Another advantage of atovaquone-proguanil is that it does not require advanced dosing or prolonged dosing after travel, making it a more convenient option for travelers—especially short-term and last-minute travelers—and potentially leading to higher likelihood that the regimen will be taken completely and appropriately.54 Atovaquone-proguanil is safe for use in children > 5 kg, but adequate safety data are not yet available to recommend its use in pregnant women. Atovaquone-proguanil is also much more expensive than other prophylaxis regimens, making it less attractive for longer trips or for travelers whose insurance does not help defray the costs.
Other chemoprophylaxis agents.
Alternative antimalarial chemoprophylaxis agents recommended for travel to Latin America include doxycycline, mefloquine, chloroquine, and primaquine. Studies have shown high efficacy of doxycycline against P. vivax infection (98–99% according to randomized, placebo-controlled trials),55,56 and relatively low rates of adverse events comparable to atovaquone-proguanil.53 Despite its daily dosing schedule and longer regimen—up to 4 weeks post travel—doxycycline still remains the least expensive chemoprophylaxis option.

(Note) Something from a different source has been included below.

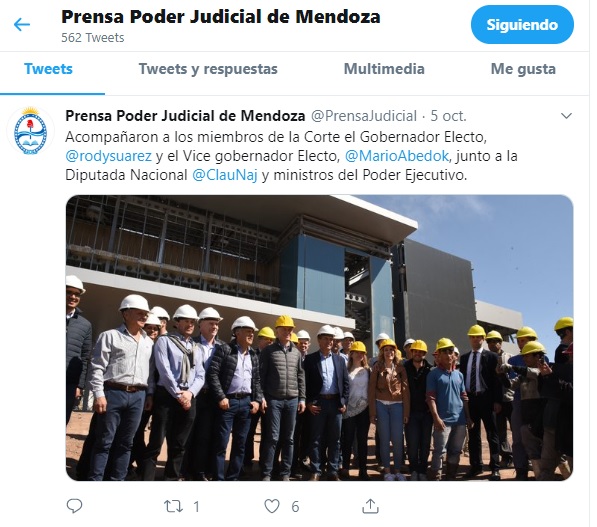 Mauricio Macrí recorrió parte de las obras construidas por Cartellone el fin de semana pasada, durante una de sus giras del tour de campaña. Estuvo en el polo judicial de Mendoza. Ahí habló, hizo su acto y se sacó fotos con tres integrantes de la Suprema Corte de Justicia local.
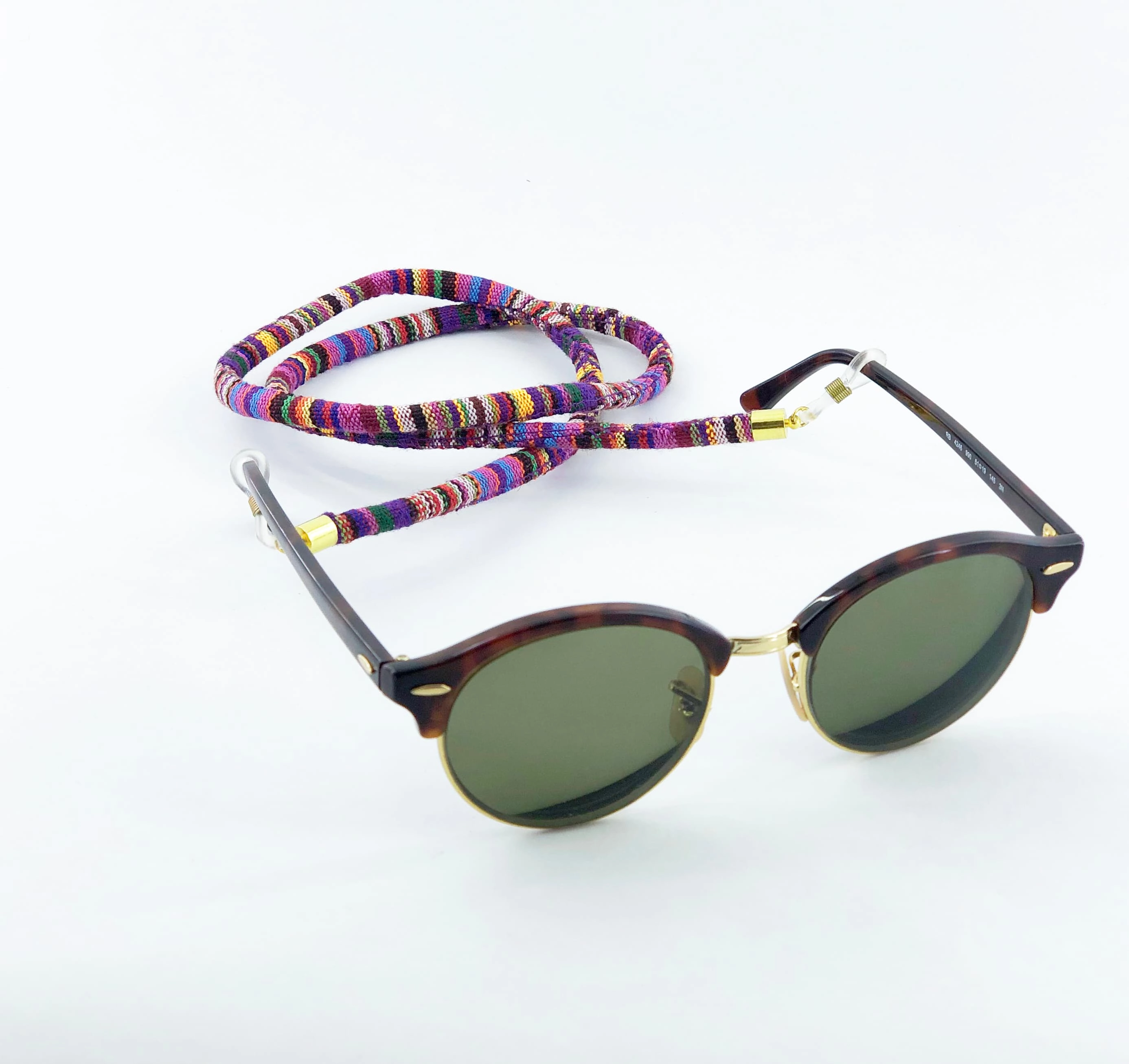 بند عینک دستساز گالری عزیزی مدل رنگین کمان از جنس پارچه بسیار خاص و کتان ساخته شده است و هنر دست زنان ایرانی است که با پارچه های خاص و دوخت ظریف شکل لوله ایی بند عینک را پدید آورده اند . این بند عینک دستساز به طول 70 سانتیمتر است که مناسب برای هر تیپ و سلیقه زنان و مردان است که بند عینک میتواند جلوه خاصی به صورت شما میدهد

Mefloquine has been approved for malaria prophylaxis by the U.S. Food and Drug Administration since 1989 and has been shown to have high protective efficacy (100% against P. falciparum and P. vivax malaria, according to one placebo-controlled randomized trial).56 Although some travelers may consider the weekly dosing schedule of mefloquine to be more convenient compared with daily atovaquone-proguanil and doxycycline, studies have raised concerns about higher rates of adverse events, particularly neuropsychiatric events, and study withdrawals caused by lower drug tolerability.53,57 Chloroquine can be considered as a malaria prophylaxis for select countries in Latin America, some of the few areas where malaria remains sensitive to chloroquine. These countries include Mexico, all countries in Central America, Haiti, the Dominican Republic, Paraguay, Argentina, and parts of Panama. Chloroquine dosing is weekly, and it is safe for use by pregnant women and children of all ages. Table 3 provides more information on these chemoprophylaxis options for travel to Latin America.
Table 3.
Considerations for chemoprophylaxis in areas with Plasmodium vivax transmission
| Drug | Efficacy | Adverse events (AEs)/side effects | Dosing | Pregnant women | Children | Cost | Other consider-ations | References | |||
|---|---|---|---|---|---|---|---|---|---|---|---|
| Common AEs | Prevalence (%)* | ||||||||||
| Mild-Moderate AEs | Severe AEs | Neuro-psychiatric AEs | |||||||||
| Atovaquone-proguanil | 96–100% against P. falciparum; 84–100% against P. vivax | Abdominal pain, nausea, vomiting, headache | 32 | 7 | 20 | Daily; 1–2 days before, during, and 7 days after travel | Not recommended; not enough evidence | Safe for children > 5 kg | High | Contraindicated in patients with severe renal impairment | 48,49,50,75 |
| Doxycycline | 96.3–99% against P. falciparum; 98–99% against P. vivax | Sun sensitivity, vaginal yeast infections, gastrointestinal upset (nausea, vomiting) reduced by taking with food. | 33 | 6 | 24 | Daily; 1–2 days before, during, and 4 weeks after travel | Not recommended | Safe for children > 8 years | Very low | 55 | |
| Mefloquine | 100% against P. falciparum; 100% against P. vivax | Gastrointestinal upset, headache, insomnia, abnormal dreams, visual disturbances, depression, anxiety, dizziness, motor neuropathies | 42 | 12 | 37 | Weekly; 2 weeks before, during, and 4 weeks after travel | Safe for pregnant women in 2nd and 3rd trimester | Safe for infants and children | Moderate | Contraindicated in travelers with history of depression, anxiety, psychosis, schizophrenia, and other psychiatric disorders | 56,76 |
| Chloroquine (chloroquine phosphate or hydroxyl-chloroquine sulfate) | Only effective in Central and South American countries West of Panama Canal | Gastrointestinal upset, headache, dizziness, blurred vision, insomnia, pruritus | 45 | 11 | 30 | Weekly; 1–2 weeks before travel, during, and 4 weeks after travel | Safe for pregnant women | Safe for infants and children | Low- moderate | Resistance to chloroquine in many areas | 45,76 |
| Primaquine | 88–95% against P. falciparum; 85–92% against P. vivax | Gastrointestinal upset, mild and self-limiting methemoglobinemia (6%) | Can cause fatal hemolysis in G6PD-deficient patients; patients must be tested for G6PD deficiency before primaquine use | Daily; 1–2 days before, during, and 7 days after travel | Not recommended because of unknown G6PD status of fetus | Safe for G6PD-normal children | Moderate, if include G6PD testing | Only drug that eliminates liver hypnozoites and prevents relapse; preferred for short-duration travel to areas with mainly P. vivax malaria | 60,59,58,61,77 | ||
Data on AE prevalence in first four drugs from Schlagenhauf and others53; data not available for primaquine. In pre-travel period, rates of AEs for placebo were comparable to rates for atovaquone-proguanil and doxycycline (no placebo used during travel period).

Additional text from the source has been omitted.